Over the past 12 years, Eastport Music Scene has developed into a mainstay of the Long Island community that shares its name. The store has become “a place musicians and budding musicians can conduct all music-related business in a friendly and creative environment,” the Owner, Thomas Peterson, explained. It’s also a supporter of the arts, supplying sound systems and backlines for local blues festivals, theaters and several local high school battle of the bands events. Eastport Music Scene’s many customers and fans would likely be surprised to find out that the roots of the store were planted as a result of not only Peterson’s hard work but also a series of coincidences that Peterson couldn’t have planned if he tried.

Eastport Music Scene
374 Montauk Hwy.
Eastport, NY 11941
(631) 325-6972
Mon-Fri 10am to 8pm
Sat 10am to 5pm
Sun 11am to 5pm
Thomas Peterson, Owner

“My family owned a building in Eastport NY where we were running an antiques business,” said Peterson, a drummer, whose mother came to him one day out of the blue and said, “If there is anything you’d like to do in the building, you could have use of half the store.” The timing of the offer was serendipitous, as it was just a few weeks earlier that one of Peterson’s guitarist friends told him the space would be great for a music store. At that point, Peterson knew his destiny.

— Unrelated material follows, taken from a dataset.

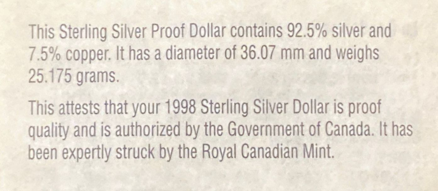 Lot 62 1998 RCMP Proof Coin 92.5% Silver 25.175 Grams

“When I knew I was actually going to open a music store, I got really excited because I’m a buyer at heart and I love music. This was a match made in heaven for me,” said Peterson. “I decided to take advantage of the opportunity set before me. I got all my legal stuff in order. I registered with the state, received my re-sale number and I was off and running. Within six months, I had taken half the store and opened the doors.”

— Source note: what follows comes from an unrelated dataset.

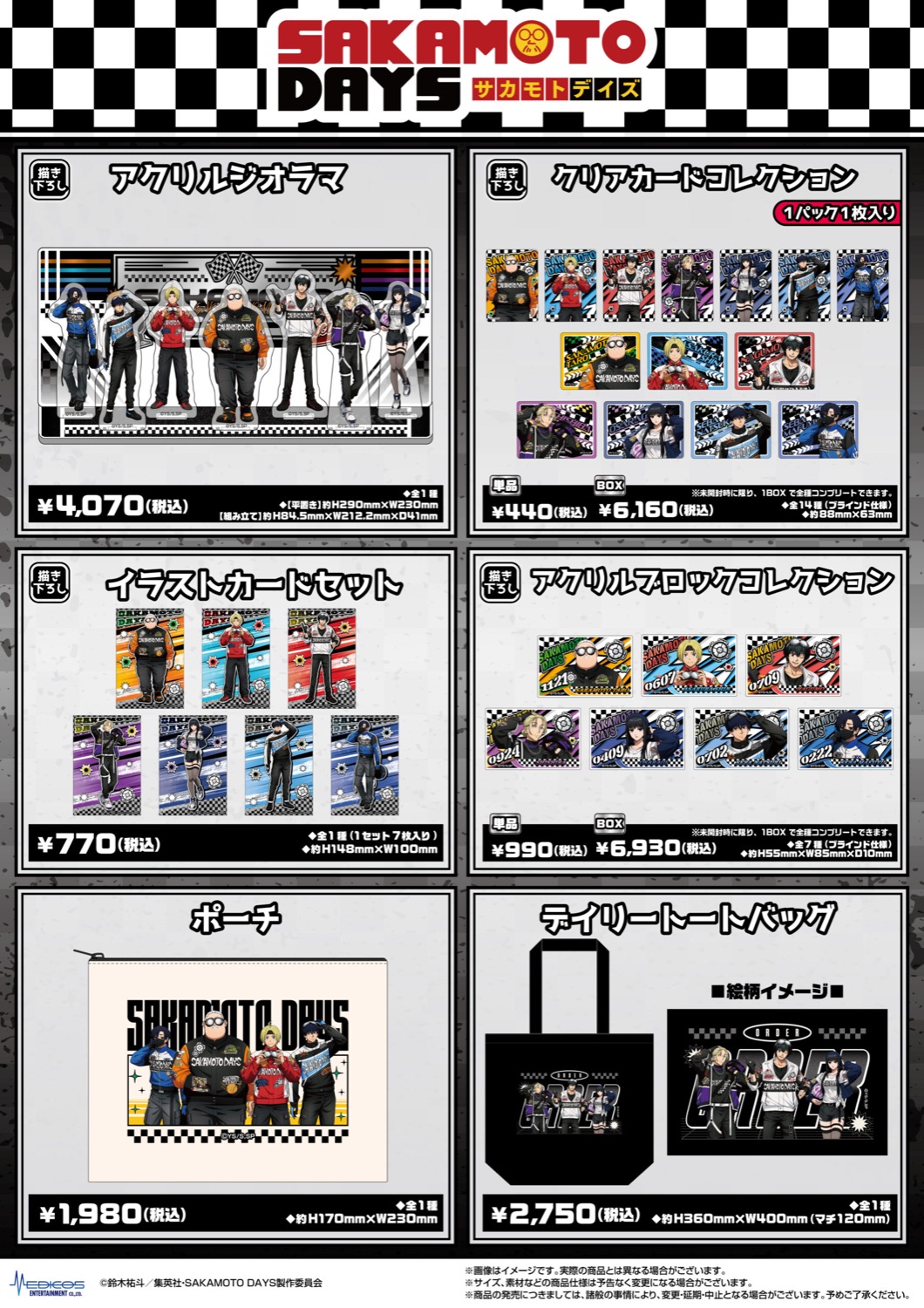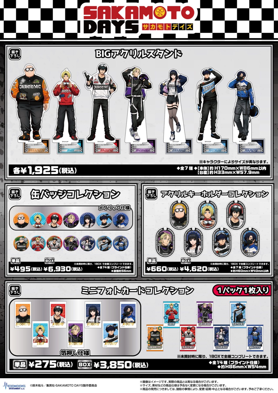 アニメ「SAKAMOTO DAYS (サカモトデイズ)」ポップアップストアでは、「レーサー」をテーマに描かれた坂本太郎・朝倉シン・大佛・神々廻・勢羽真冬・勢羽夏生たちの、描き下ろしイラストを使用した新作グッズが多数販売!

The 550-square-foot store opened on August 15, 2001 with a lean staff—just Peterson, his wife and his brother-in-law—and a small inventory consisting of approximately 20 guitars, three sets of drums, and a few guitar and bass amps. “I didn’t have a lot of money to work with, so I knew the most important thing for me was to have accessories like strings, drum sticks, reeds, cables and other things that working musicians and students would need,” said Peterson, whose business was put to the test weeks later when the terrorist attacks of September 11 sent a chill through the country, and especially the New York area.